- _Task description_:
If an entry holds an image, leave that image out and transcribe everything else exactly.

━━━━━ Records ━━━━━

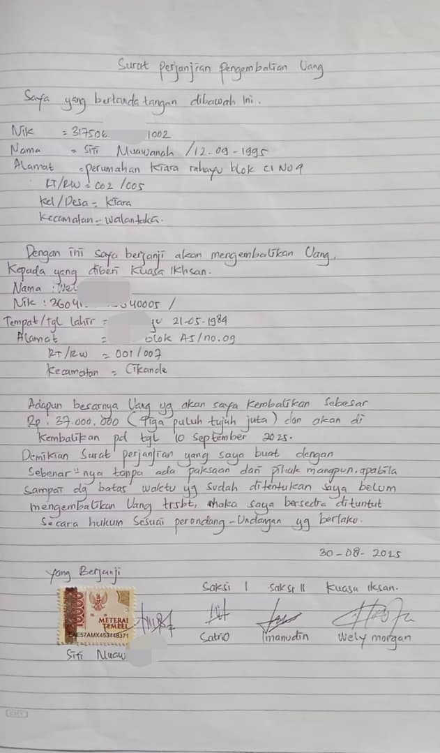 Terus pagi ngabarin lagi bahwa ngga jadi hari ini untuk interview nya,batal nanti dikabarin lagi,saya tunggu tunggu katanya nanti juga ada panggilan lagi bulan depan sampai sekarang ngga ada kejelasan nya,mana uang itu saya dapat pinjem bang,janji saya ngga lama buat balikin nya,karena lama akhirnya terpaksa saya gadaikan sawah orang tua saya,malu saya bang sama orang tua,kalo emang ngga masuk kerja balikin uang saya,saya gituin ke si Siti Muawanah nya itu bang,beralasan terus dia diminta balikin uang saya,pungkasnya ikhsan dengan nada kesal
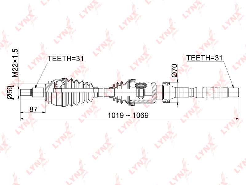 CD-1077 LYNXAUTO привод правый!\ Mazda 6/CX5 2.0 12>
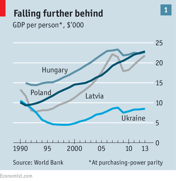 Даже еще до вторжения России на восток Украины в прошлом году перед Украиной стояла очень непростая задача проведения экономических реформ. Население страны находится в более бедственном положении, чем на момент распада Советского Союза. Жизнь в Украине буквально пронизана коррупцией. Работники ГАИ в любой момент могут потребовать взятку, а в газетах рекламируют фирмы, которые сделают вам любой реферат или дипломную работу. В условиях войны к этому набору хронических проблем добавились новые и очень серьезные — разрушение большей части производственной базы страны, отток инвесторов и кризис платежного баланса. Если Украина решила создать стабильную экономику, то ей необходимо будет решить проблему с государственным бюджетом, восстановить имеющий первостепенное значение газовый сектор и искоренить коррупцию — и все это на фоне неурегулированного конфликта.
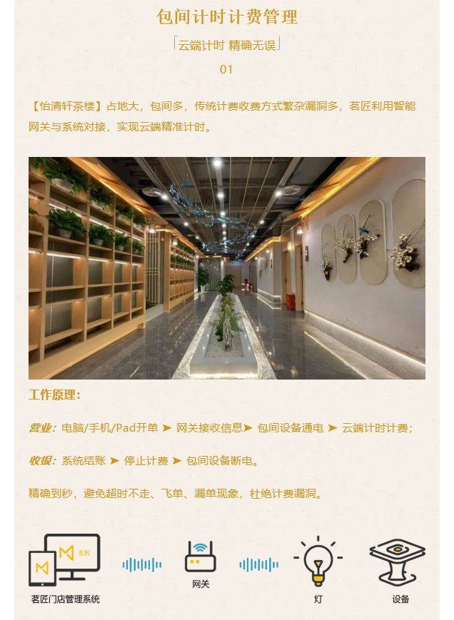 ¡¾âùÇåÐù²èÂ¥¡¿Õ¼µØ´ó£¬°ü¼ä¶à£¬´«Í³¼Æ·ÑÊÕ·Ñ·½Ê½·±ÔÓ©¶´¶à£¬Üø½³ÀûÓÃÖÇÄÜÍø¹ØÓëϵͳ¶Ô½Ó£¬ÊµÏÖÔÆ¶Ë¾«×¼¼ÆÊ±¡£ÔÚ´Ë»ù´¡ÉÏ£¬É̼ҿÉ×Ô¶¨Òå¶àÖּƷѹæÔò£¬Ð¡Ê±¡¢°ü¶Î¡¢°ü³¡¼Æ·Ñ£»Ö§³Ö³¬Ê±¼Æ·Ñ¡¢×îµÍÏû·Ñ¡¢Ò¹¼ä·þÎñ·Ñ¡¢¿çÌìת̨Ïû·ÑµÈ£¬Âú×㲻ͬ¹Ë¿ÍµÄÏû·ÑÐèÇó¡£
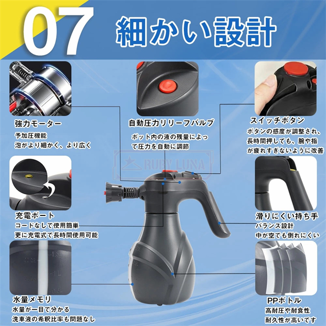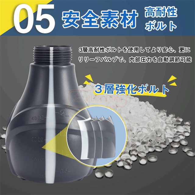 | 【細部にわたる設計の見直しと改善】 | ◆本製品に搭載している予圧機能によって、一般的な多くのスプレーボトルでよく見られる、噴霧を開始するときの圧力不足の問題を解決しています。 ◆またスプレーボタンも改良しました。ボタンの感度も調整されており、長時間押しても指が疲れすぎないようになっています。 |
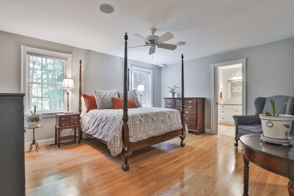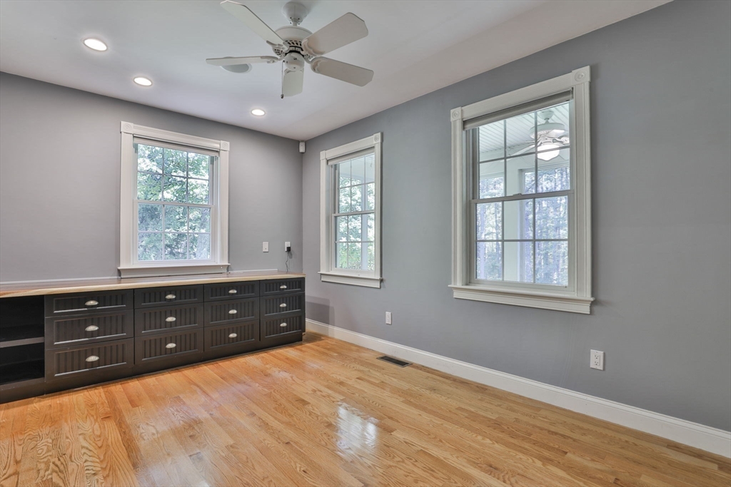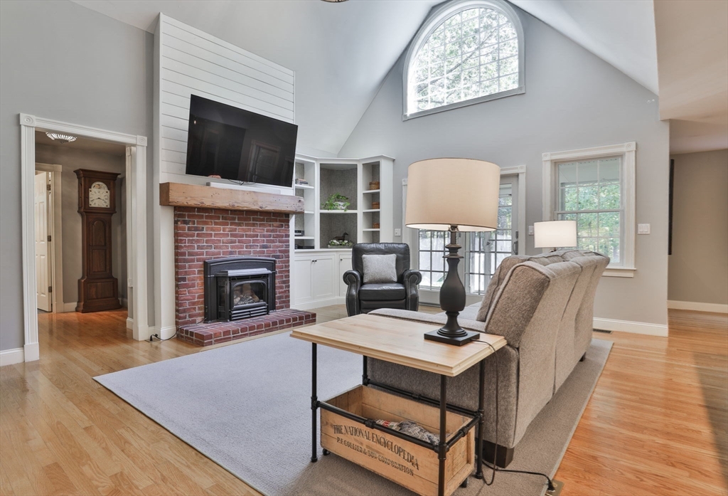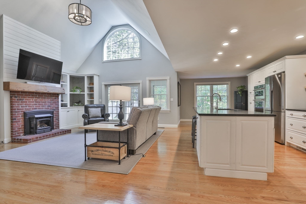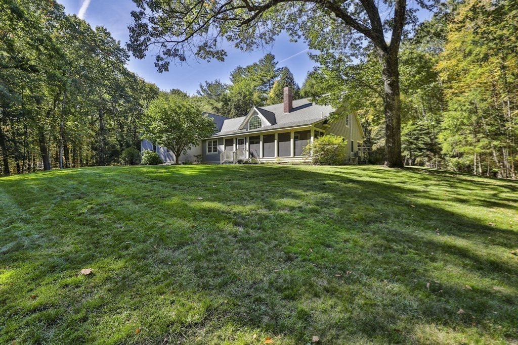 Custom 4-bedroom Cape, close to Gibbet Hill on a quiet dead-end street, offers exceptional FIRST-FLOOR living! From the rocking chair front porch, step into a freshly painted open design with hardwood floors & views through the home to the back screened porch. A vaulted family room boasts built-ins, shiplap, & a reclaimed mantel with gas fireplace. The cook stays connected in the spacious kitchen w/newer appliances, THERMADOR gas cooktop, black honed granite, & full walk-in pantry with a HIDDEN grocery door from the heated two-car garage. The private owner’s suite features a walk-in closet and custom-tiled bath with step-in shower, radiant floor, & laundry closet. Two bedrooms & another tiled bath complete the level. Upstairs is a 4th bedroom with walk-in closet & storage, plus access to a HUGE attic with expansion potential! A FULL basement offers more options. The 2.5+ acre lot includes a horseshoe drive, mature trees, private backyard, & meadow near Groton center, Routes 3 & 495!!

━━━━━

- _Task solution_:
 Terus pagi ngabarin lagi bahwa ngga jadi hari ini untuk interview nya,batal nanti dikabarin lagi,saya tunggu tunggu katanya nanti juga ada panggilan lagi bulan depan sampai sekarang ngga ada kejelasan nya,mana uang itu saya dapat pinjem bang,janji saya ngga lama buat balikin nya,karena lama akhirnya terpaksa saya gadaikan sawah orang tua saya,malu saya bang sama orang tua,kalo emang ngga masuk kerja balikin uang saya,saya gituin ke si Siti Muawanah nya itu bang,beralasan terus dia diminta balikin uang saya,pungkasnya ikhsan dengan nada kesal
 CD-1077 LYNXAUTO привод правый!\ Mazda 6/CX5 2.0 12>
 Даже еще до вторжения России на восток Украины в прошлом году перед Украиной стояла очень непростая задача проведения экономических реформ. Население страны находится в более бедственном положении, чем на момент распада Советского Союза. Жизнь в Украине буквально пронизана коррупцией. Работники ГАИ в любой момент могут потребовать взятку, а в газетах рекламируют фирмы, которые сделают вам любой реферат или дипломную работу. В условиях войны к этому набору хронических проблем добавились новые и очень серьезные — разрушение большей части производственной базы страны, отток инвесторов и кризис платежного баланса. Если Украина решила создать стабильную экономику, то ей необходимо будет решить проблему с государственным бюджетом, восстановить имеющий первостепенное значение газовый сектор и искоренить коррупцию — и все это на фоне неурегулированного конфликта.
 ¡¾âùÇåÐù²èÂ¥¡¿Õ¼µØ´ó£¬°ü¼ä¶à£¬´«Í³¼Æ·ÑÊÕ·Ñ·½Ê½·±ÔÓ©¶´¶à£¬Üø½³ÀûÓÃÖÇÄÜÍø¹ØÓëϵͳ¶Ô½Ó£¬ÊµÏÖÔÆ¶Ë¾«×¼¼ÆÊ±¡£ÔÚ´Ë»ù´¡ÉÏ£¬É̼ҿÉ×Ô¶¨Òå¶àÖּƷѹæÔò£¬Ð¡Ê±¡¢°ü¶Î¡¢°ü³¡¼Æ·Ñ£»Ö§³Ö³¬Ê±¼Æ·Ñ¡¢×îµÍÏû·Ñ¡¢Ò¹¼ä·þÎñ·Ñ¡¢¿çÌìת̨Ïû·ÑµÈ£¬Âú×㲻ͬ¹Ë¿ÍµÄÏû·ÑÐèÇó¡£
 | 【細部にわたる設計の見直しと改善】 | ◆本製品に搭載している予圧機能によって、一般的な多くのスプレーボトルでよく見られる、噴霧を開始するときの圧力不足の問題を解決しています。 ◆またスプレーボタンも改良しました。ボタンの感度も調整されており、長時間押しても指が疲れすぎないようになっています。 |
 Custom 4-bedroom Cape, close to Gibbet Hill on a quiet dead-end street, offers exceptional FIRST-FLOOR living! From the rocking chair front porch, step into a freshly painted open design with hardwood floors & views through the home to the back screened porch. A vaulted family room boasts built-ins, shiplap, & a reclaimed mantel with gas fireplace. The cook stays connected in the spacious kitchen w/newer appliances, THERMADOR gas cooktop, black honed granite, & full walk-in pantry with a HIDDEN grocery door from the heated two-car garage. The private owner’s suite features a walk-in closet and custom-tiled bath with step-in shower, radiant floor, & laundry closet. Two bedrooms & another tiled bath complete the level. Upstairs is a 4th bedroom with walk-in closet & storage, plus access to a HUGE attic with expansion potential! A FULL basement offers more options. The 2.5+ acre lot includes a horseshoe drive, mature trees, private backyard, & meadow near Groton center, Routes 3 & 495!!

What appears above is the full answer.